BEGIN Records

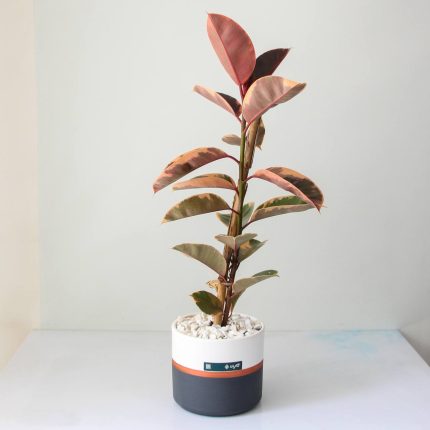 گلدان فیکوس شرابی همراه با گلدان سرامیکی
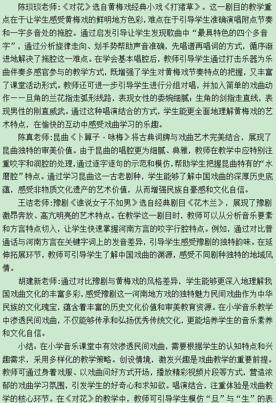 2025年11月13日,音乐组的老师们进行了一次集体备课研讨活动,本次活动围绕“在小学音乐课堂中有效渗透民间戏曲的实践”开展。老师们从豫剧、黄梅戏、昆曲等相关教学课例入手,通过细致研磨在课堂中的如何落实渗透,引领学生体验民间戏曲作为中华民族的文化瑰宝,蕴含着丰富的历史文化价值和审美教育资源。在小学音乐教学中渗透民间戏曲,不仅能够传承和弘扬优秀传统文化,更能培养学生的音乐素养和文化自信。
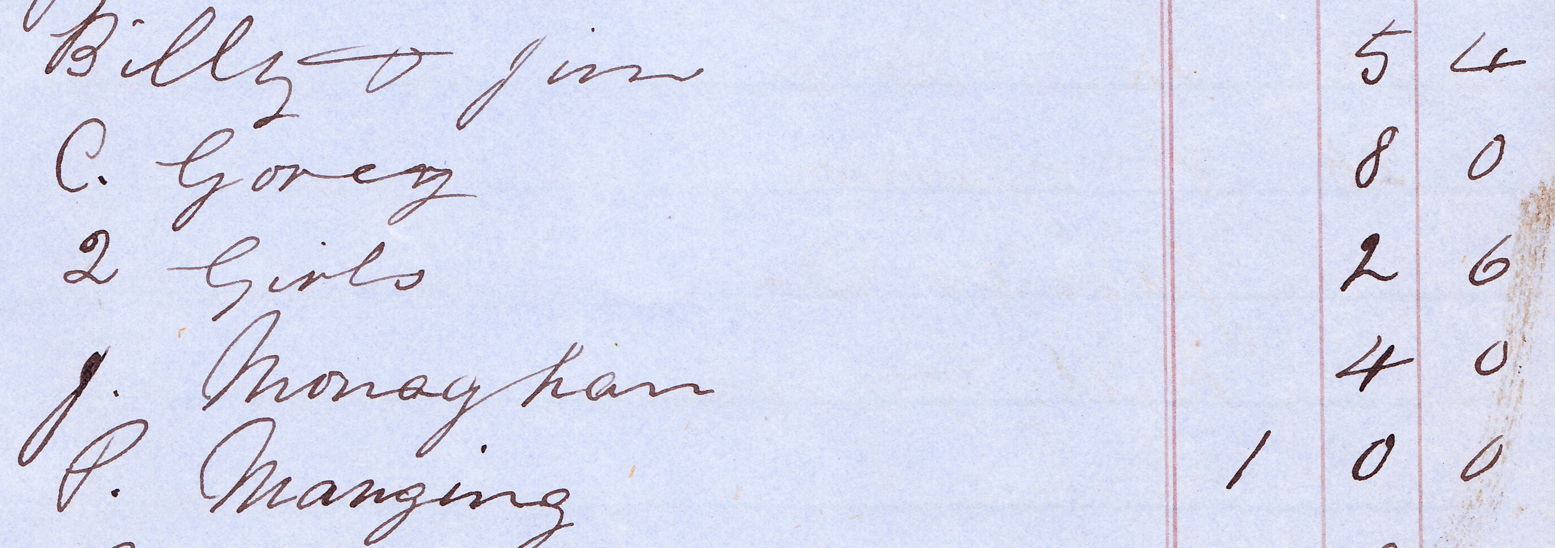 Before getting into the details of the accounts I think I need to explain something about comparing the value of money then and now. To explain it, I am relying on a useful website on measuring worth that provides different ways of measuring and comparing worth in English £s between the past and today. I am assuming that £s in Ireland were worth the same as in England then and now (which may not be true). One other thing to be aware of is the change to decimal currency in Britain in the 1970s. The old currency used the pound (£), shilling (s), and penny (d). There were 20 shillings in a pound and 12 pence in a shilling (therefore 240 pennies in a pound). The newer English currency has 100 pennies in a pound and is written as – for example – £1.50, meaning £1 and 50 pence.
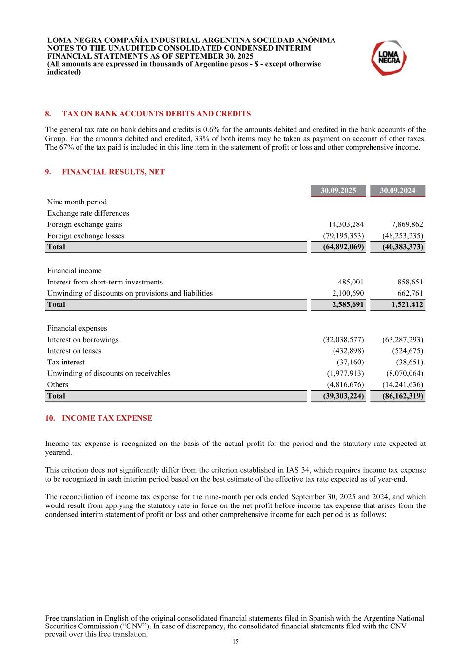 8. TAX ON BANK ACCOUNTS DEBITS AND CREDITS The general tax rate on bank debits and credits is 0.6% for the amounts debited and credited in the bank accounts of the Group. For the amounts debited and credited, 33% of both items may be taken as payment on account of other taxes. The 67% of the tax paid is included in this line item in the statement of profit or loss and other comprehensive income. 9. FINANCIAL RESULTS, NET 30.09.2025 30.09.2024 Nine month period Exchange rate differences Foreign exchange gains 14,303,284 7,869,862 Foreign exchange losses (79,195,353) (48,253,235) Total (64,892,069) (40,383,373) Financial income Interest from short-term investments 485,001 858,651 Unwinding of discounts on provisions and liabilities 2,100,690 662,761 Total 2,585,691 1,521,412 Financial expenses Interest on borrowings (32,038,577) (63,287,293) Interest on leases (432,898) (524,675) Tax interest (37,160) (38,651) Unwinding of discounts on receivables (1,977,913) (8,070,064) Others (4,816,676) (14,241,636) Total (39,303,224) (86,162,319) 10. INCOME TAX EXPENSE Income tax expense is recognized on the basis of the actual profit for the period and the statutory rate expected at yearend. This criterion does not significantly differ from the criterion established in IAS 34, which requires income tax expense to be recognized in each interim period based on the best estimate of the effective tax rate expected as of year-end. The reconciliation of income tax expense for the nine-month periods ended September 30, 2025 and 2024, and which would result from applying the statutory rate in force on the net profit before income tax expense that arises from the condensed interim statement of profit or loss and other comprehensive income for each period is as follows: LOMA NEGRA COMPAÑÍA INDUSTRIAL ARGENTINA SOCIEDAD ANÓNIMA NOTES TO THE UNAUDITED CONSOLIDATED CONDENSED INTERIM FINANCIAL STATEMENTS AS OF SEPTEMBER 30, 2025 (All amounts are expressed in thousands of Argentine pesos - $ - except otherwise indicated) Free translation in English of the original consolidated financial statements filed in Spanish with the Argentine National Securities Commission (“CNV”). In case of discrepancy, the consolidated financial statements filed with the CNV prevail over this free translation. 15
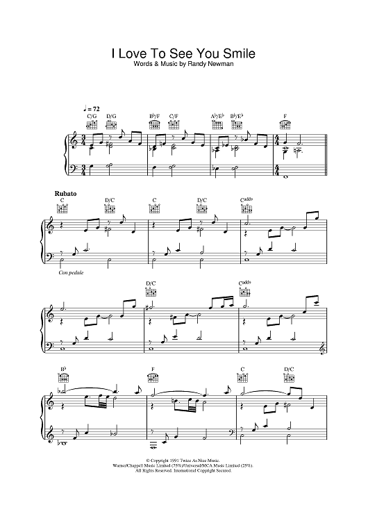 Digital Sheet Music for I Love To See You Smile by Randy Newman scored for Piano/Vocal/Chords; id:384553
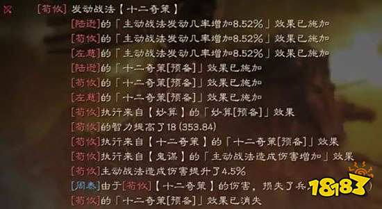 (1)该增益和第3点一样维持1回合,不可刷新,但可以叠加效果。只要荀攸一直施放十二奇策,并且队友期间没施放任何主动战法,那么【十二奇策】的伤害预备是叠加的,直到队友的主动战法一次引爆所以十二奇策预备的伤害。
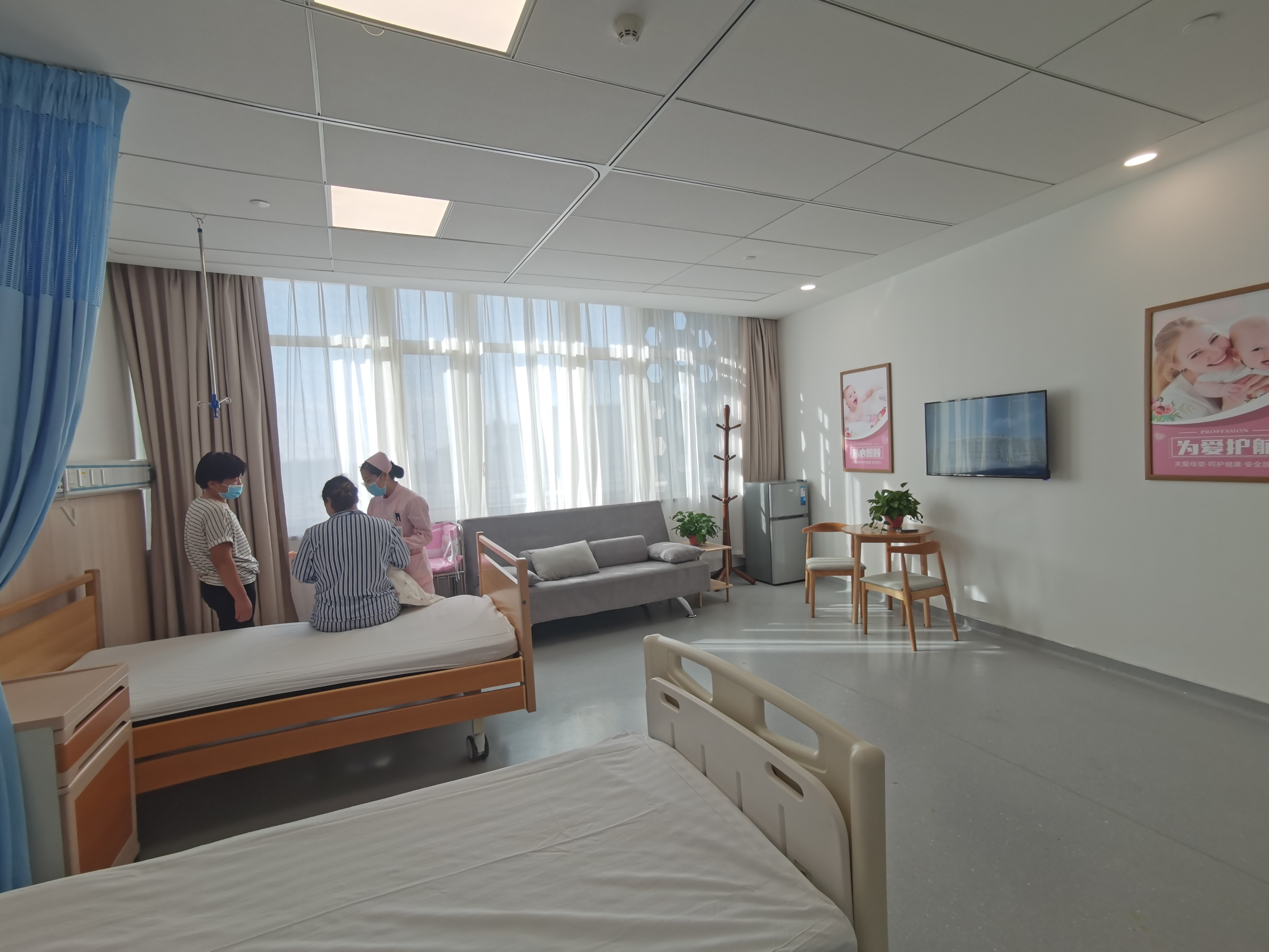 产科门诊、病房整体搬迁至南院区后,新增至两个病区,实现了全面提档升级。图为家庭化单间病房,集“家庭化、人性化、品质化”于一体,让孕妇实现了幸福分娩。
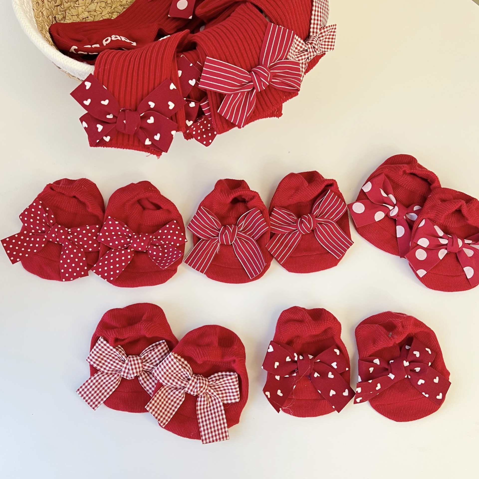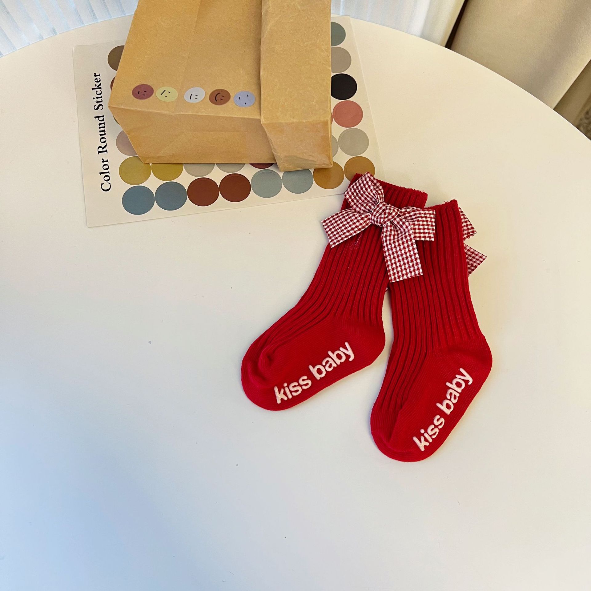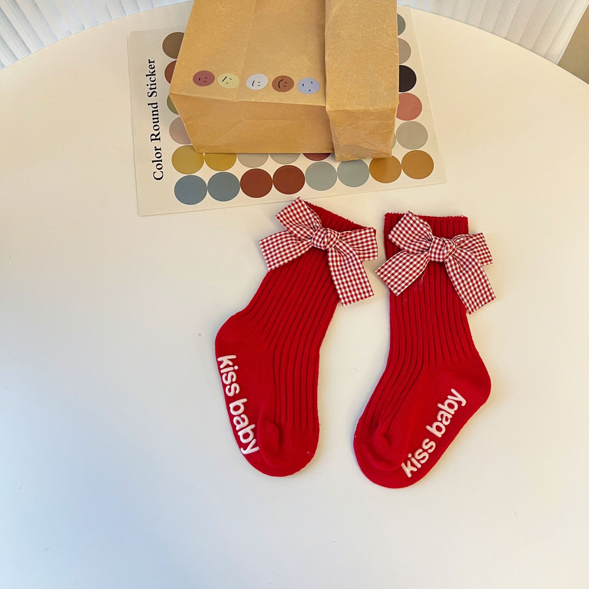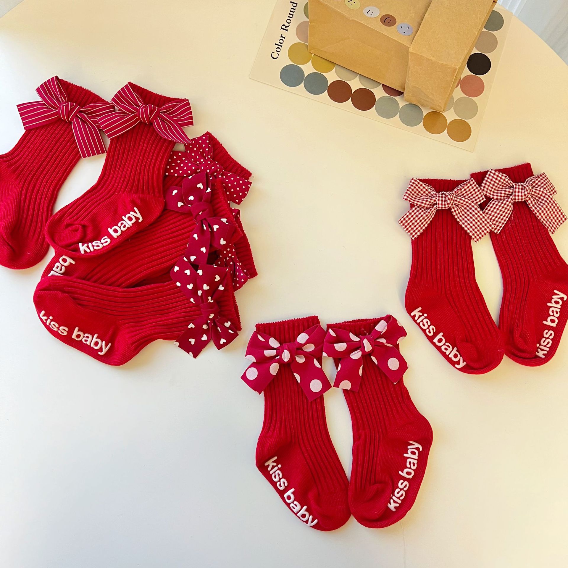 121110AC-Polka dot love big red bow cute shallow mouth double needle middle tube socks non-slip floor socks

END Records

▶ **Aim of the exercise**
Your answer should be the lines from the first record down to the line containing "2025年11月13日,音乐", restated exactly, with no pictures.

▶ **Expected answer**
 گلدان فیکوس شرابی همراه با گلدان سرامیکی
 2025年11月13日,音乐组的老师们进行了一次集体备课研讨活动,本次活动围绕“在小学音乐课堂中有效渗透民间戏曲的实践”开展。老师们从豫剧、黄梅戏、昆曲等相关教学课例入手,通过细致研磨在课堂中的如何落实渗透,引领学生体验民间戏曲作为中华民族的文化瑰宝,蕴含着丰富的历史文化价值和审美教育资源。在小学音乐教学中渗透民间戏曲,不仅能够传承和弘扬优秀传统文化,更能培养学生的音乐素养和文化自信。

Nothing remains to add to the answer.